(Your instructions) The answer must be an exact copy of the records below, with every picture left out.

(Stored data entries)

%%

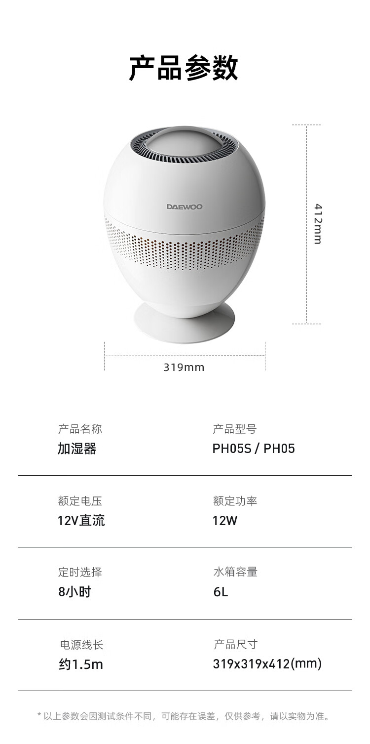 商品名称:大宇(DAEWOO)纯净型加湿器 12W PH05S
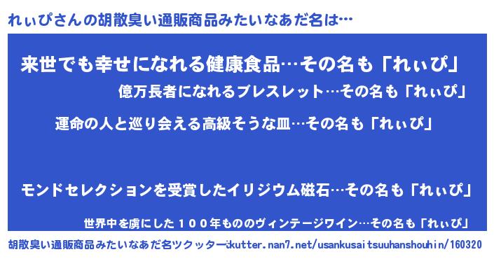 | ヒーロー風カッコイイあだ名 | 『ウルトラれぃぴマン』『ネオレィピ』 |
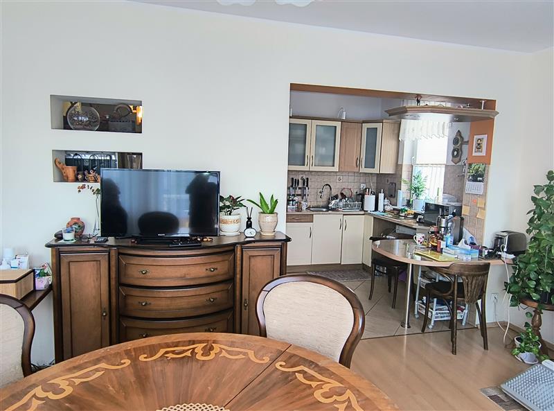 Salon słoneczny w wyjściem na balkon, połączony z aneksem kuchennym (można oddzielić).
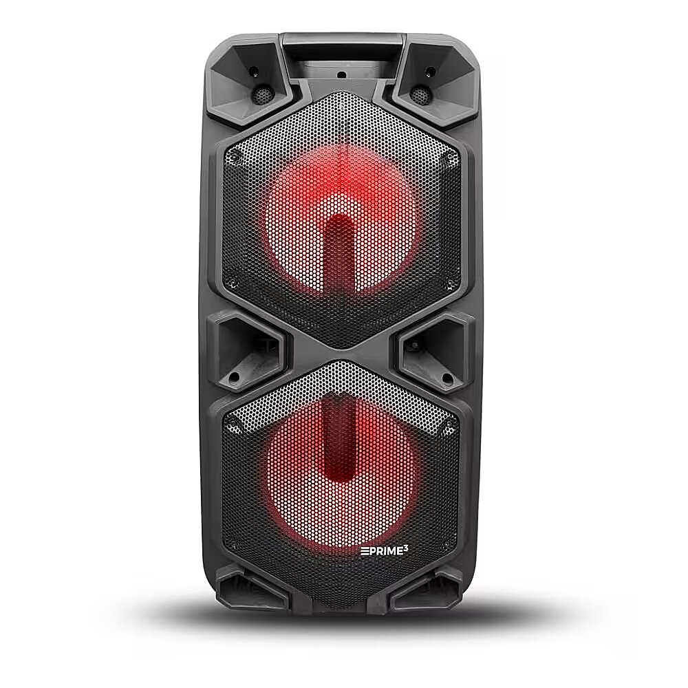Description - PROFESSIONAL AUDIO SYSTEM WITH BLUETOOTH AND KARAOKE FUNCTION APA20 A perfect proposition for both younger people who value good fun and big party people! 8000 W P.M.P.O. GRP function Karaoke function with wireless microphone included When organizing a house party or a garden party, we want the music accompanying the event to sound loud and to be of the highest quality possible. We can achieve this goal with the Power Audio APA20 system from PRIME3. This is a perfect proposition both for younger people who value good fun, and for big partygoers. APA20 has a built-in Bluetooth module, thanks to which it is possible to play music via the audio streaming profile directly from a phone or laptop. Equipping it with an SD card reader and a USB port allows you to listen to your favorite songs from your own playlist saved on a memory card or pendrive, and the AUX input allows you to connect the system to an MP3 player, an older computer or a CD player. If we do not have any portable device with music files or a Bluetooth module, thanks to the built-in FM tuner, we can tune in to our favorite radio station and still listen to music. The powerful sound and high sound quality are due to the high power of the speaker, which is 8000 W P.M.P.O. This value, combined with the appropriate configuration of functions, guarantees an extraordinary musical experience. Equipping the system with the TWS (True Wireless Stereo) function enables wireless connection of APA series speakers. This means that music can be played simultaneously from 2 APA20 speakers. Thanks to this configuration, we can obtain excellent quality stereo sound that can really surprise you. The karaoke function with a 6.5 mm microphone jack used in all professional sound systems, an additional wireless microphone and multi-color LED backlight are functions that will spice up any social gathering. Singing together in the spotlight is great fun for both children and adults. However, the loudspeaker will work not only during karaoke games, but also in any situation in which we want to be heard by a larger audience, e.g. at meetings, matches, in a lecture hall or during a school assembly. Thanks to the built-in battery, the device can work both in wireless mode and after connecting to the mains power supply. The use of batteries allows you to take the speaker outdoors and organize a fantastic party also outdoors. The integration of many functions in one housing makes the Power Audio APA20 system an ideal alternative to all types of towers and classic devices with separate loudspeakers.
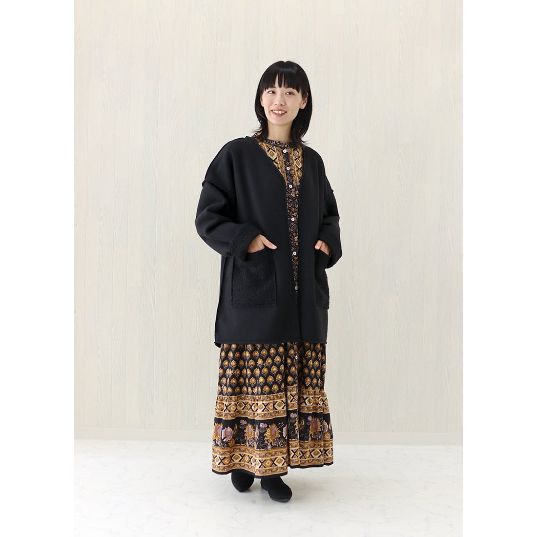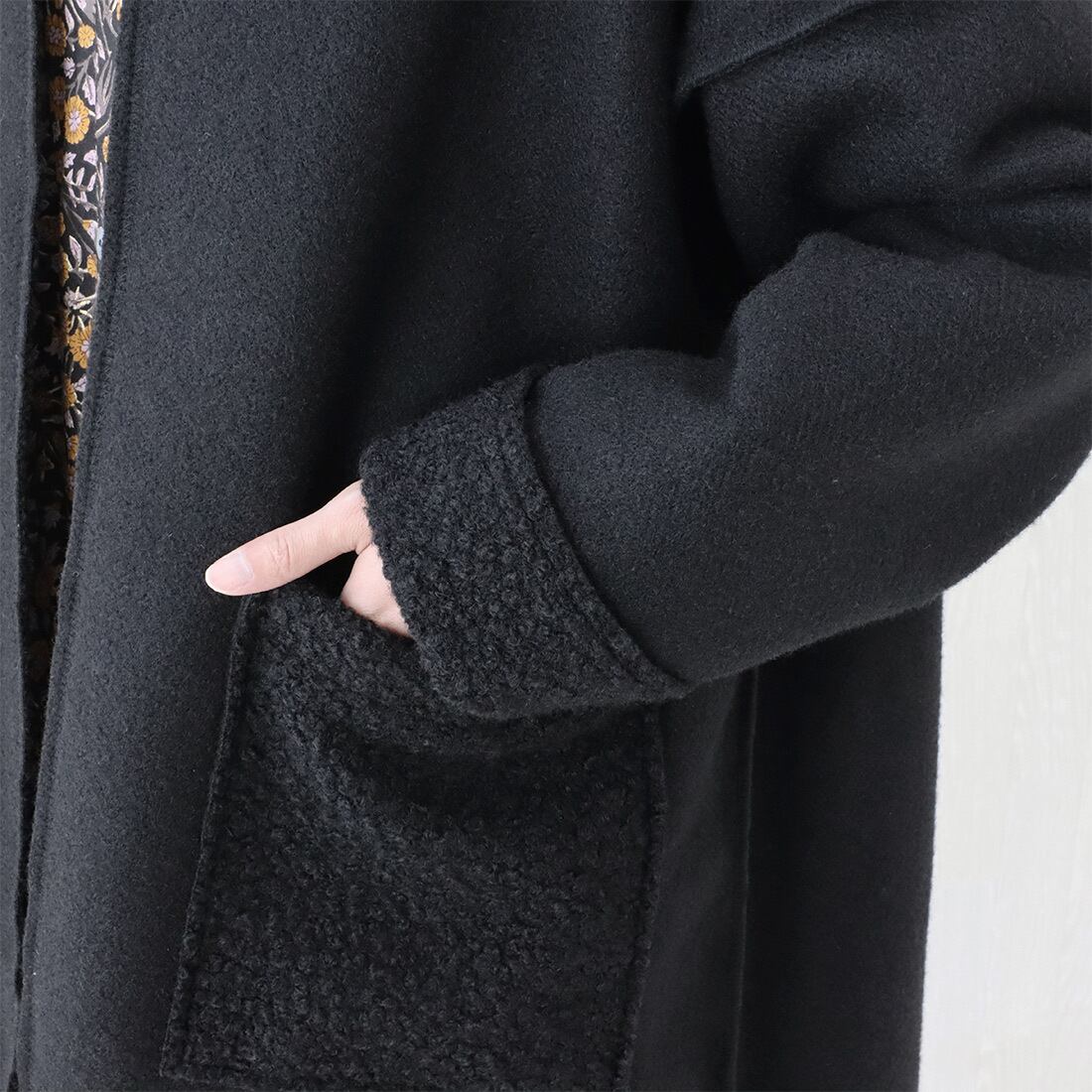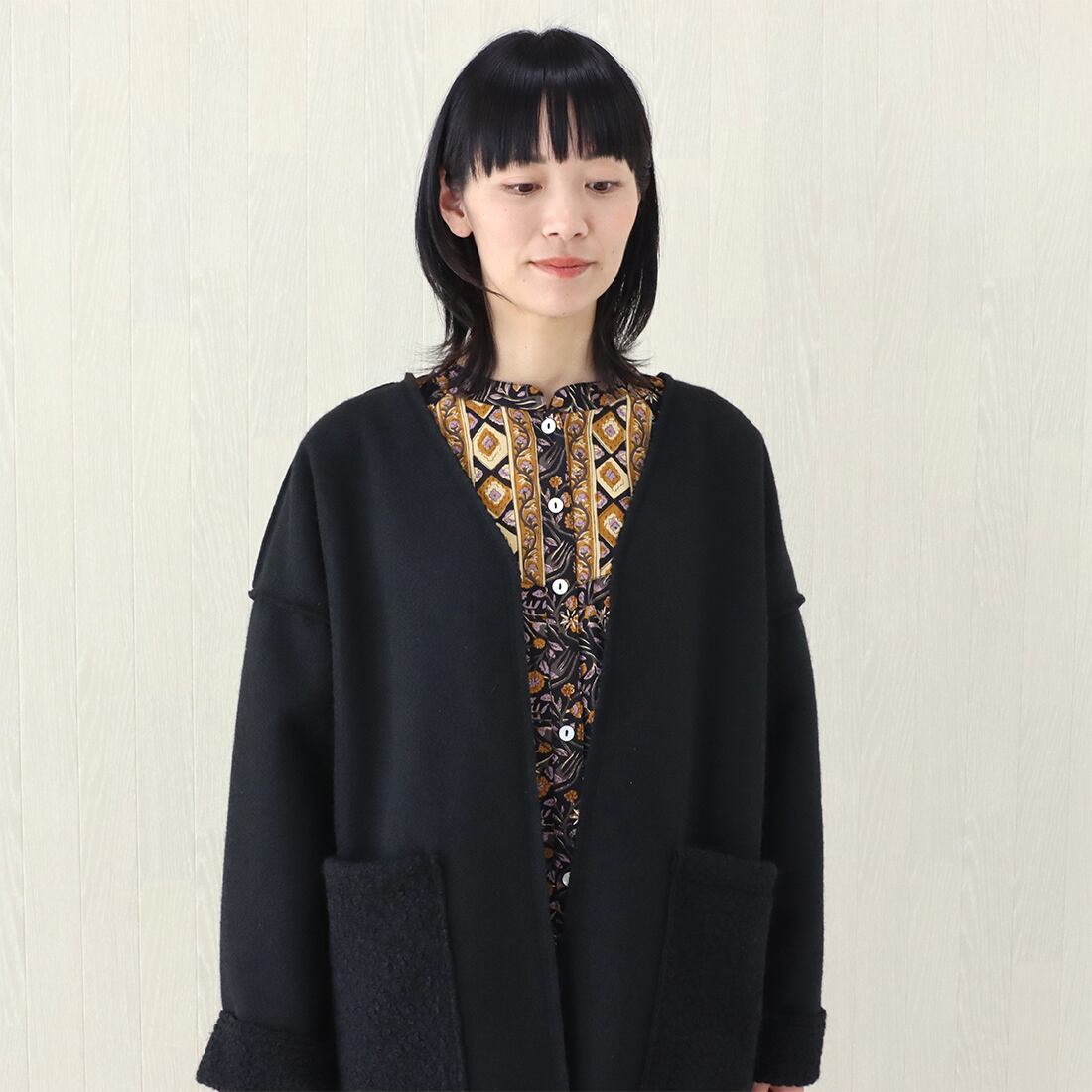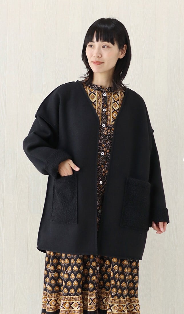 表面がループ状になった、地厚で暖かみのあるブークレー(Bouclé)生地を両面に使用したリバーシブルコートです。

%%

(Output of the exercise)
 商品名称:大宇(DAEWOO)纯净型加湿器 12W PH05S
 | ヒーロー風カッコイイあだ名 | 『ウルトラれぃぴマン』『ネオレィピ』 |
 Salon słoneczny w wyjściem na balkon, połączony z aneksem kuchennym (można oddzielić).
Description - PROFESSIONAL AUDIO SYSTEM WITH BLUETOOTH AND KARAOKE FUNCTION APA20 A perfect proposition for both younger people who value good fun and big party people! 8000 W P.M.P.O. GRP function Karaoke function with wireless microphone included When organizing a house party or a garden party, we want the music accompanying the event to sound loud and to be of the highest quality possible. We can achieve this goal with the Power Audio APA20 system from PRIME3. This is a perfect proposition both for younger people who value good fun, and for big partygoers. APA20 has a built-in Bluetooth module, thanks to which it is possible to play music via the audio streaming profile directly from a phone or laptop. Equipping it with an SD card reader and a USB port allows you to listen to your favorite songs from your own playlist saved on a memory card or pendrive, and the AUX input allows you to connect the system to an MP3 player, an older computer or a CD player. If we do not have any portable device with music files or a Bluetooth module, thanks to the built-in FM tuner, we can tune in to our favorite radio station and still listen to music. The powerful sound and high sound quality are due to the high power of the speaker, which is 8000 W P.M.P.O. This value, combined with the appropriate configuration of functions, guarantees an extraordinary musical experience. Equipping the system with the TWS (True Wireless Stereo) function enables wireless connection of APA series speakers. This means that music can be played simultaneously from 2 APA20 speakers. Thanks to this configuration, we can obtain excellent quality stereo sound that can really surprise you. The karaoke function with a 6.5 mm microphone jack used in all professional sound systems, an additional wireless microphone and multi-color LED backlight are functions that will spice up any social gathering. Singing together in the spotlight is great fun for both children and adults. However, the loudspeaker will work not only during karaoke games, but also in any situation in which we want to be heard by a larger audience, e.g. at meetings, matches, in a lecture hall or during a school assembly. Thanks to the built-in battery, the device can work both in wireless mode and after connecting to the mains power supply. The use of batteries allows you to take the speaker outdoors and organize a fantastic party also outdoors. The integration of many functions in one housing makes the Power Audio APA20 system an ideal alternative to all types of towers and classic devices with separate loudspeakers.
 表面がループ状になった、地厚で暖かみのあるブークレー(Bouclé)生地を両面に使用したリバーシブルコートです。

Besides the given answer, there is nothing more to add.